In Scotland, whether or not a guardian is entitled to be remunerated is a judgement for the sheriff. The starting point is that there is a presumption against guardians with welfare powers being financially compensated, but a presumption in favour of guardians with financial powers receiving remuneration. Whether this is appropriate entirely depends on whether compensating the guardian will benefit the adult, and may depend on the size and complexity of the estate to be managed. If the sheriff decides that the guardian should receive remuneration, it is for the Public Guardian to set the rate. It seems unlikely that a guardian would receive anything comparable to the sums outlined above.
Inability to oppose
Upon her release from hospital, and upon discovering that a petition for conservatorship was to be filed by her father, Britney Spears reportedly instructed counsel to oppose the appointment of her father as conservator, as she did not wish him to have control over her life. When her representative arrived at court, he was told that the singer had been assessed as lacking capacity to retain counsel and was discharged by the court in favour of a lawyer it appointed. This lawyer opted not to oppose the appointment, and so it was granted.
It would be 13 years before Britney Spears would speak out publicly against her conservatorship, and more specifically the appointment of her father, in an emotional testimony made in court earlier this year. Beyond claiming that her conservatorship had been controlling and abusive, she stated that she was not aware that there was any route available for her to oppose it.
In Scotland, notice must be served on all ‘interested parties’ at least 21 days before the guardianship hearing, and despite having been judged to lack capacity, this will always include the individual concerned, and they are always entitled to lodge objections. One of the guiding principles of the Adults with Incapacity (Scotland) Act 2000 is that the present and past wishes and feelings of the individual must be taken into account. It is therefore unlikely that a person would be appointed as a guardian where the individual had expressed strong opposition, without good reason.
Power of attorney
Conservatorships and guardianships offer an important protection for those who are genuinely incapable of managing their own affairs, and are in most cases used by family members to protect their loved ones.

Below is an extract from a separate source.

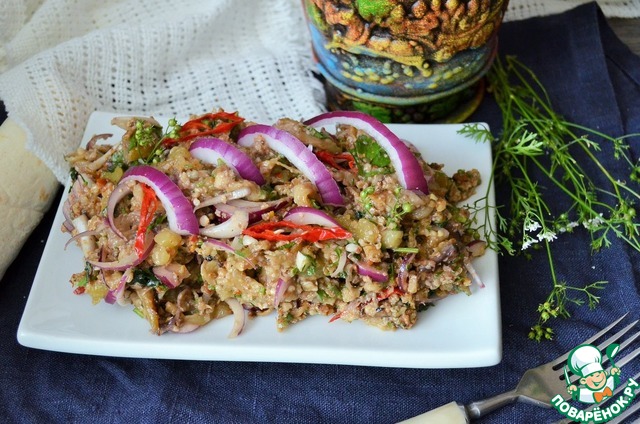 [+5]Овощи получились острые, колоритные и очень ароматные! Перец и баклажаны запекала в духовке, из зелени только зелёный лук, остальное всё по рецепту.

However, as outlined above, both measures are flawed solutions to unfortunate situations. Britney Spears’ case demonstrates that mental capacity issues can arise at any age, and it is never too early to consider planning for possible future incapacity. A power of attorney is a simple document that allows an individual to choose whom they would like to make decisions for them should they find themselves lacking capacity (even on a temporary basis); permits a level of control over which decisions that person should be allowed to make; and, importantly, prevents the need for a lengthy (and often costly) court process.
As of this month, Britney Spears’ father has reportedly filed a petition to step down as her conservator, allowing impartial third parties to take up the reins as conservators of the person and estate. However, there has been no petition to end the arrangement altogether. Whether the ‘Free Britney’ movement will achieve its ultimate objective remains to be seen.